The torrentfish, Cheimarrichthys fosteri, is an amphidromous freshwater fish that is endemic to New Zealand. Torrentfish are well adapted to life in shallow, fast-flowing riffles and rapids. They grow to a maximum of 200 mm (7.9 in) in total length, but more commonly reach 100–120 mm (3.9–4.7 in).
Torrentfish are stocky, with a flattened underside, arched back and a broad, downward-tapering head with eyes set high. The lower jaw is very undercut and is surrounded by a fleshy upper lip – an adaptation for picking invertebrates off the surface of stones. The fins are very robust. The pectoral fins are very large and triangular, angled so that water flowing over them presses the fish against the riverbed, helping them to stay in position in fast-flowing water. The pelvic fins are set underneath the head. The dorsal and anal fins have very long bases, the dorsal fin extending for nearly half of the body length. The tail fin is short and truncated or slightly forked, suited to sudden burst swimming rather than sustained swimming.
All torrentfish have a similar pattern of five dark stripes on a lighter background. There are three stripes on the body, generally angled downwards towards the head, with a fourth stripe vertically at the base of the tail and a fifth passing through the eyes and angling downwards towards the base of the pectoral fin.
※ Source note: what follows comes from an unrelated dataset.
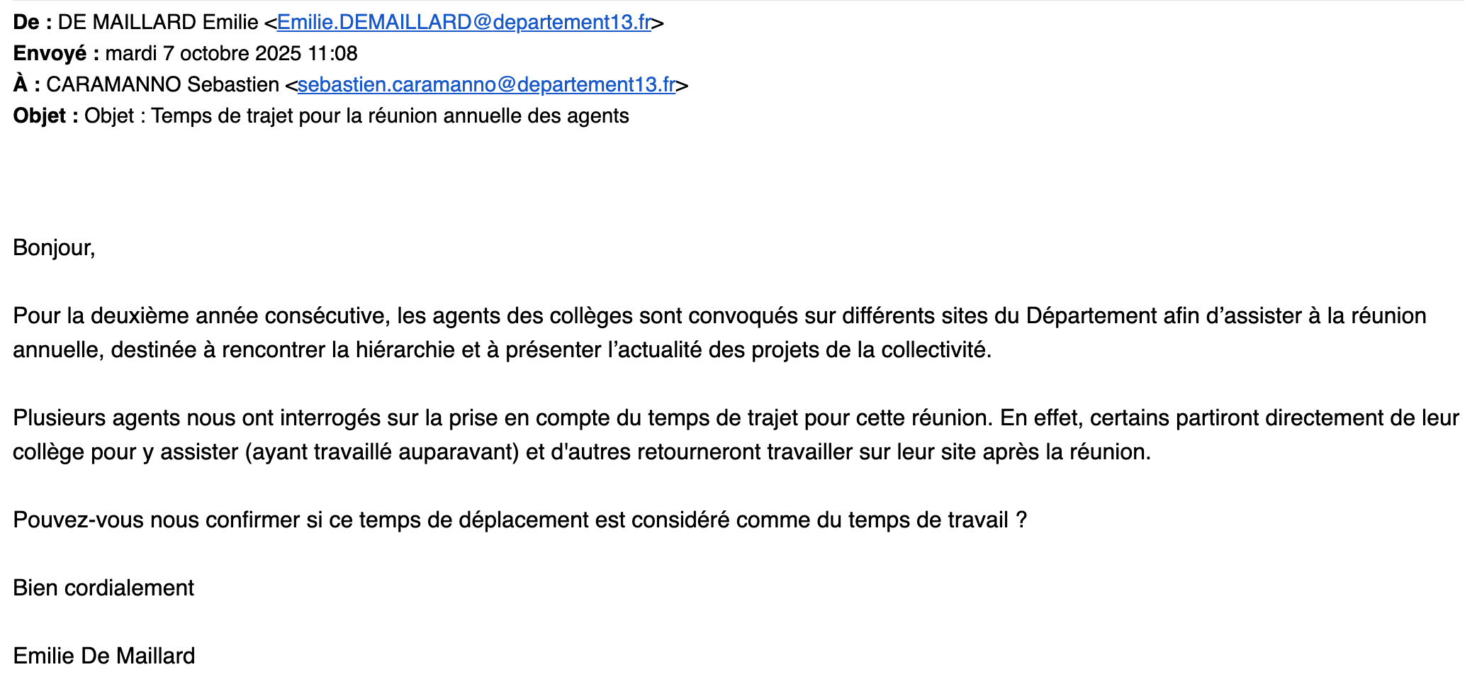 AGENTS DES COLLEGES / DEMANDE UNSA CD13 SUR LA PRISE EN COMPTE DU TEMPS DE TRAJET A/R DANS LE TEMPS DE TRAVAIL POUR ASSISTER AUX REUNIONS IMPOSEES AU ATC PAR LA DEC CD13
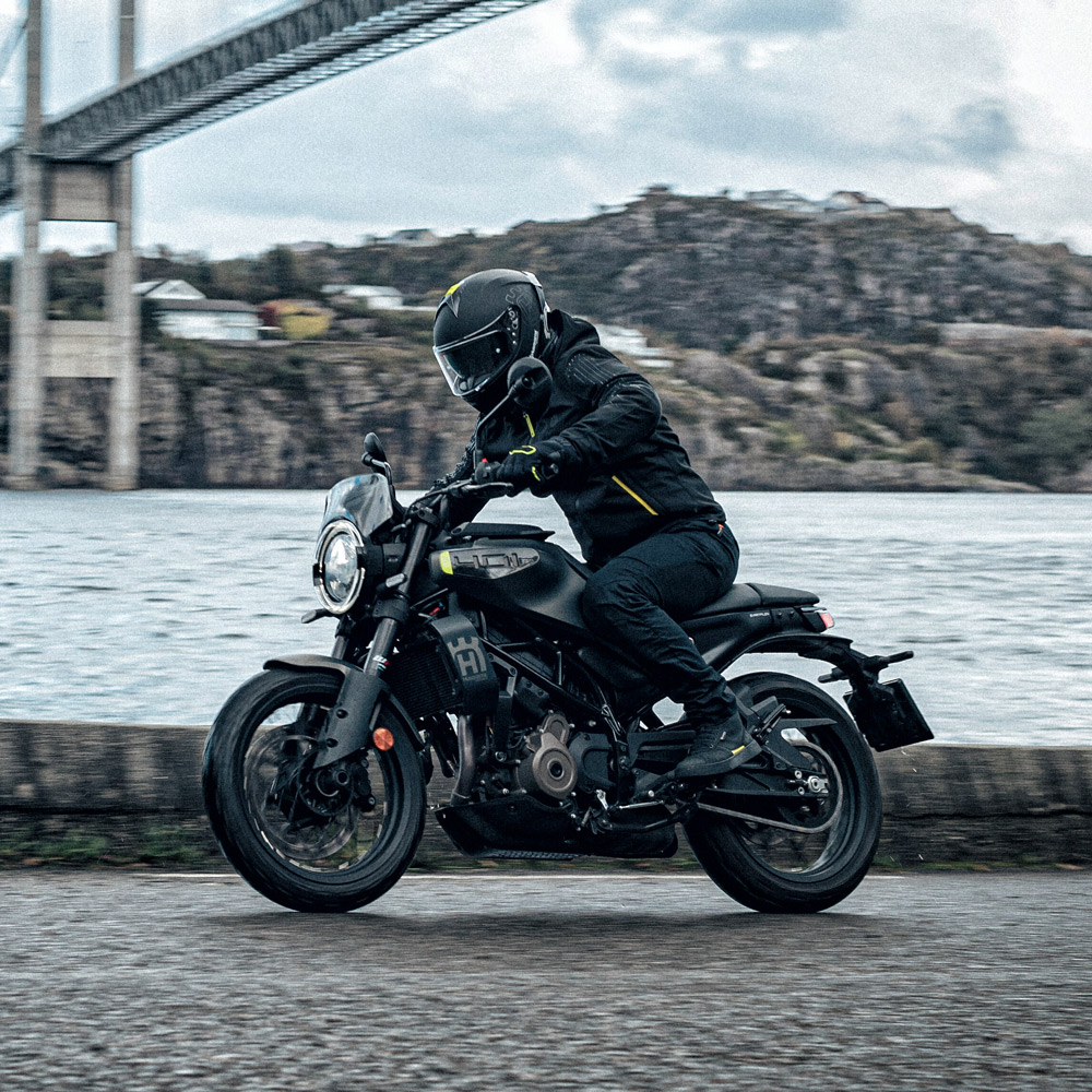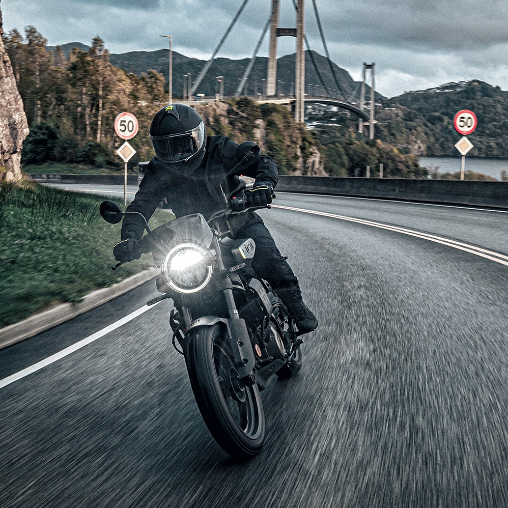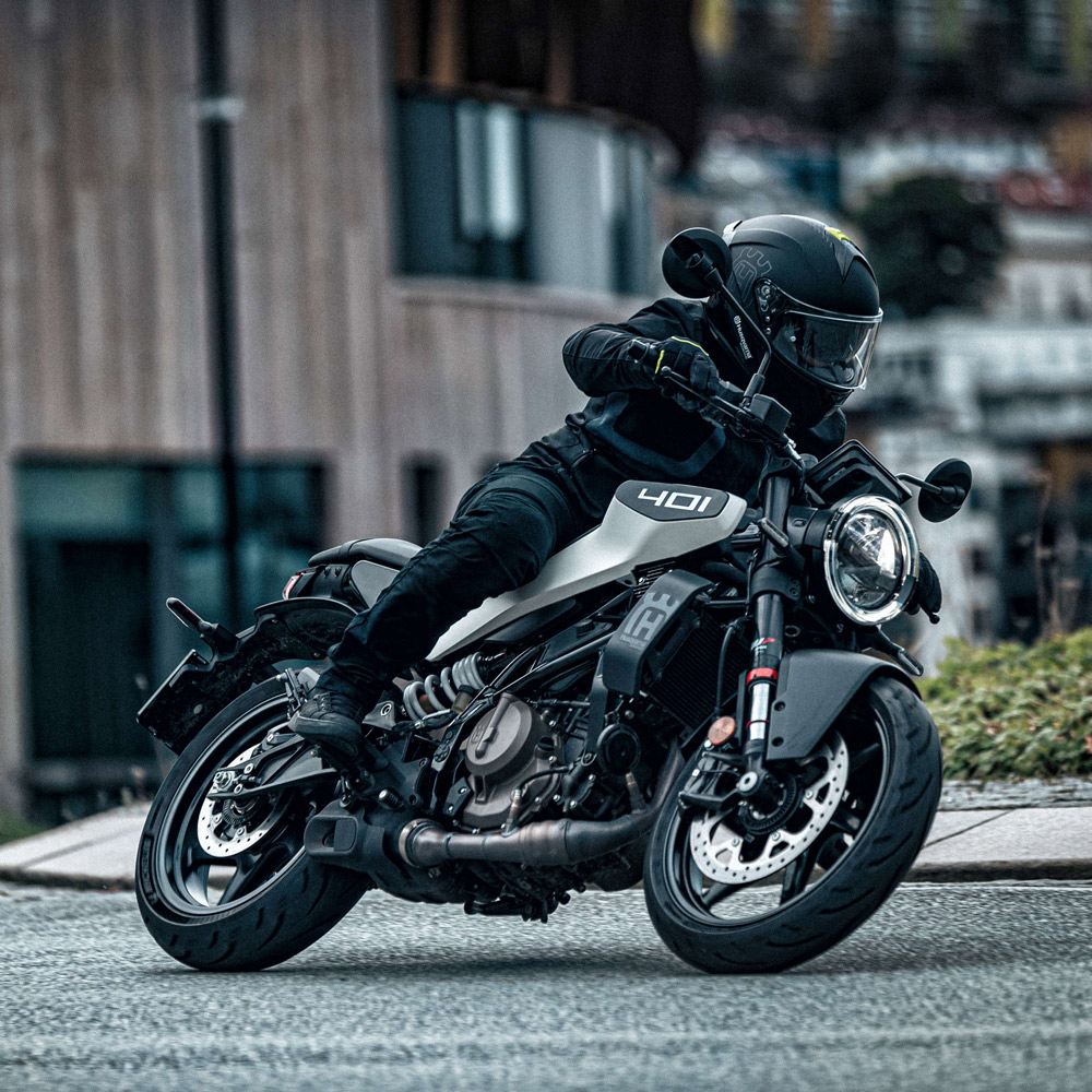 Nowa generacja Svartpilen 401 została wyraźnie dopracowana pod kątem ergonomii i stabilności. Niższe siedzenie, dłuższy rozstaw osi i zmieniona geometria sprawiają, że motocykl jest bardzo przewidywalny i przyjazny, a jednocześnie zachowuje lekkość i zwinność typową dla tej klasy.

Their colouration is either dark grey on a lighter grey background, or dark brown on a lighter brown background, changing according to the surroundings of the fish. This colour pattern camouflages the torrentfish and help it to blend in with its stony habitat.
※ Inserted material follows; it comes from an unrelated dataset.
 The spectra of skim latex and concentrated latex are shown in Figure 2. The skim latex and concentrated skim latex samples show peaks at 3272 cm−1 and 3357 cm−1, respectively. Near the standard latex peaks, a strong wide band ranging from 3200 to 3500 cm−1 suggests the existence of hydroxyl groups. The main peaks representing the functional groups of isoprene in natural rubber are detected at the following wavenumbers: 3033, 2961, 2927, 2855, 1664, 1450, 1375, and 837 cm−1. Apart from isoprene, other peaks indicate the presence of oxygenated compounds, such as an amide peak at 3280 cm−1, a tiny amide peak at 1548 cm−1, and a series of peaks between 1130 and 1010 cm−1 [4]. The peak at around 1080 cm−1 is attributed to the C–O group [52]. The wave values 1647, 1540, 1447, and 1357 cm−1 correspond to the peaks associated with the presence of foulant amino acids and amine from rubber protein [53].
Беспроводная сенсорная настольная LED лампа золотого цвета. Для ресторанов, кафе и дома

Torrentfish are primarily found in shallow, fast-flowing riffles and rapids. They spend little time actively swimming against the rapids, living instead amongst and beneath loose gravels and cobbles. They emerge from the rapids at night to feed. Torrentfish are solitary and benthic, but may be found in high densities where there is a large population. Because part of their life cycle is spent in the sea, they are found in higher numbers near the coast.
Torrentfish are mainly found in gravelly rivers, particularly braided rivers with wide, open channels. They favour rivers with highly unstable substrates, as the regular movement of the gravels maintains open gaps around and underneath the stones where the torrentfish can take refuge from fast water. Although they are strong swimmers, they are poor climbers and are only found far inland if the gradient is low and there are no barriers.
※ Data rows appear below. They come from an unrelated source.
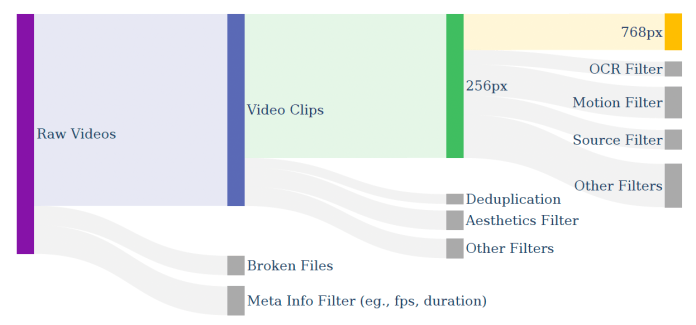 To curate the training dataset, they developed a hierarchical data pyramid to create suitable training examples for each stage of training. They first preprocess the raw videos by removing short and low-quality videos and segmenting the remaining videos into clips suitable for training the model. They then apply a set of filters to remove low-quality segments, (e.g., are too fast or slow, contain too much text, are blurry, or have camera jitters).
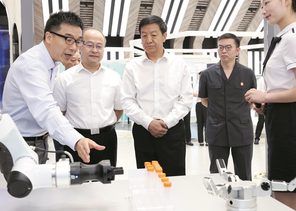 图为上海市高级人民法院党组书记、院长贾宇(右三)走访张江机器人谷,在浦东新区开展实地调研。周婧 摄
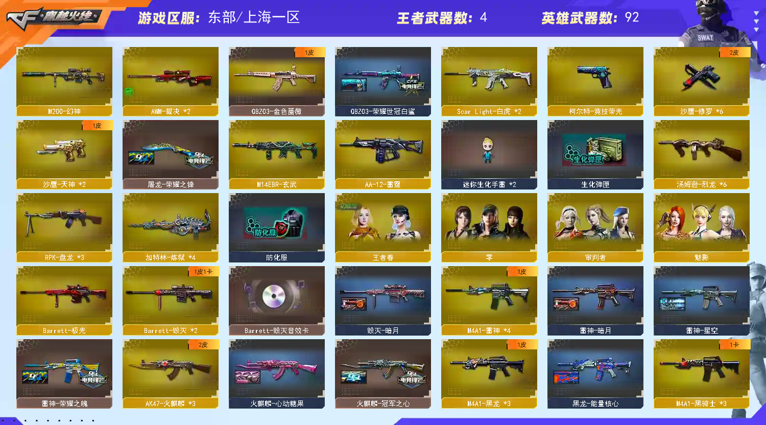 幻神,白虎,QBZ+白鲨皮肤,雷神荣耀,6烈龙,柯尔特竞技荣光
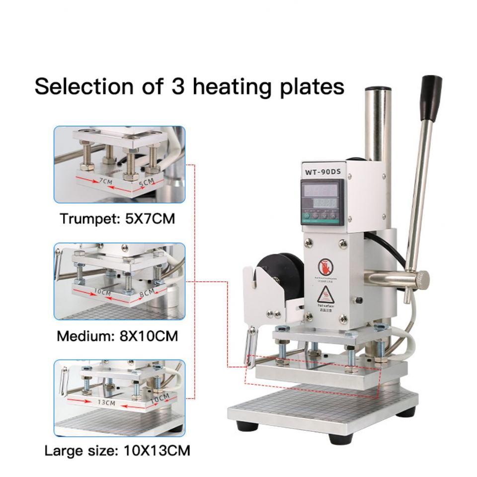 Máquina de Impresión con Lámina Dorada con Área de Estampado Personalizada de 5x7cm para Herramientas de Cuero, Máquina de Estampado en Caliente Manual
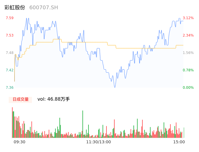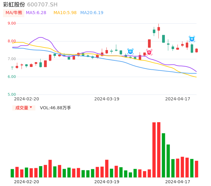 04月17日,彩虹股份收报7.57,股价涨幅2.85%,成交金额3.52亿元,换手率1.31%。
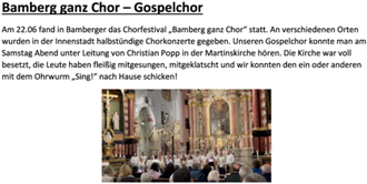Am 22.06 fand in Bamberger das Chorfestival „Bamberg ganz Chor“ statt. An verschiedenen Orten wurden in der Innenstadt halbstündige Chorkonzerte gegeben. Unseren Gospelchor konnte man am Samstag Abend unter Leitung von Christian Popp in der Martinskirche hören. Die Kirche war voll besetzt, die Leute haben fleißig mitgesungen, mitgeklatscht und wir konnten den ein oder anderen mit dem Ohrwurm „Sing!“ nach Hause schicken!
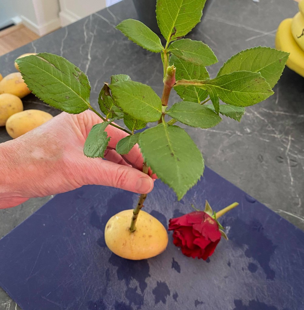 Jag fick en idé när jag sökte efter info om rosodling. Det dök upp en film som visade hur man kan odla rosor i potatis. Jag blev eld och lågor och ville testa detta.
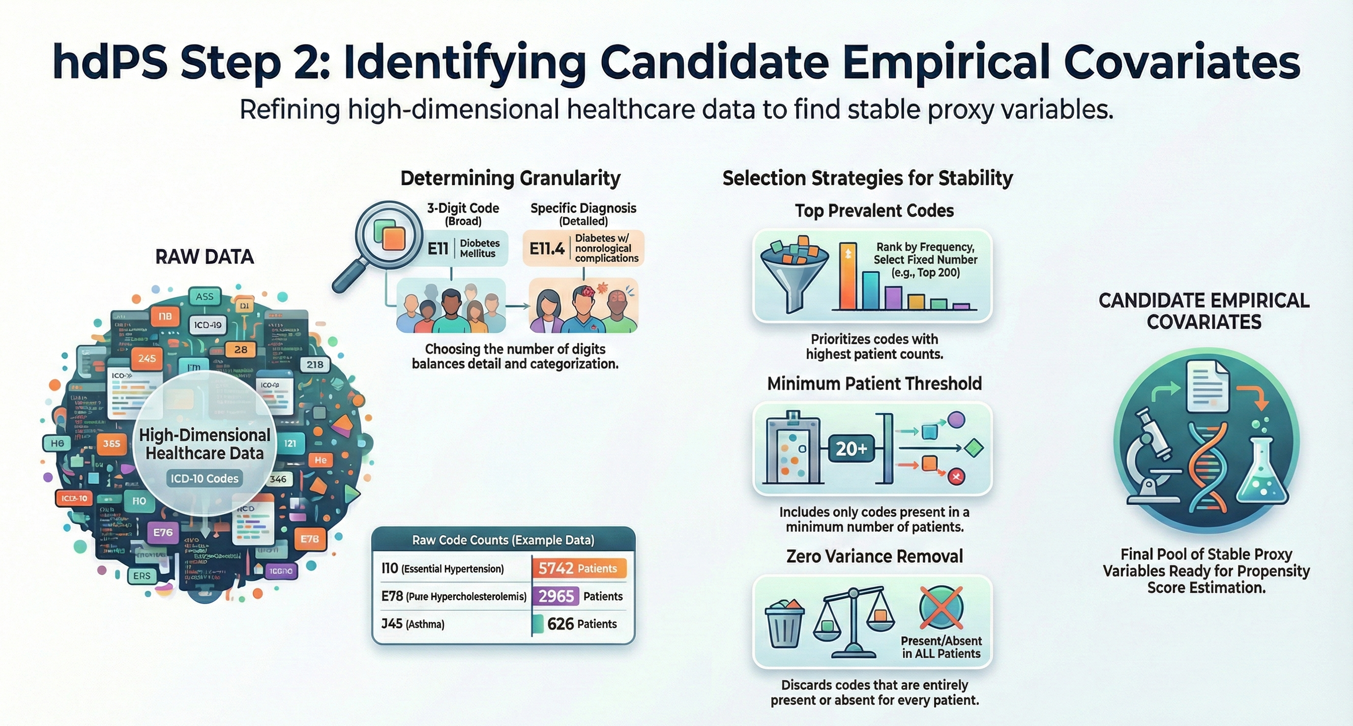 Following the identification of data sources in Step 1, this step focuses on refining the specific codes (proxies) to ensure they are frequent enough to provide reliable statistical estimates.
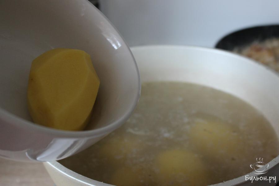 5. Когда бульон с перловой крупой закипит, добавить целый очищенный картофель. Варить до готовности картофеля.
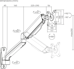 Montaža na zid oslobađa vrijedan prostor na stolu i pomaže u organizaciji manjih ureda, recepcija ili info pultova. Robusna metalna izvedba osigurava stabilnost, dok glatki mehanizam olakšava često podešavanje monitora bez napora.

Torrentfish are amphidromous: the fry go to sea after hatching, and return as juveniles to fresh water where they grow to adulthood. Female torrentfish are found further upstream than males, up to 235 km from the sea, with a large area of overlap. Females migrate downstream over summer and autumn when ready to lay eggs, and return upstream once spent. It is likely that they spawn in the lower reaches of waterways. Fry hatch and migrate to sea in late summer and autumn, returning a short time later in late autumn and winter. Because they have to spend time at sea, torrentfish are unable to form landlocked populations like some other New Zealand native fishes.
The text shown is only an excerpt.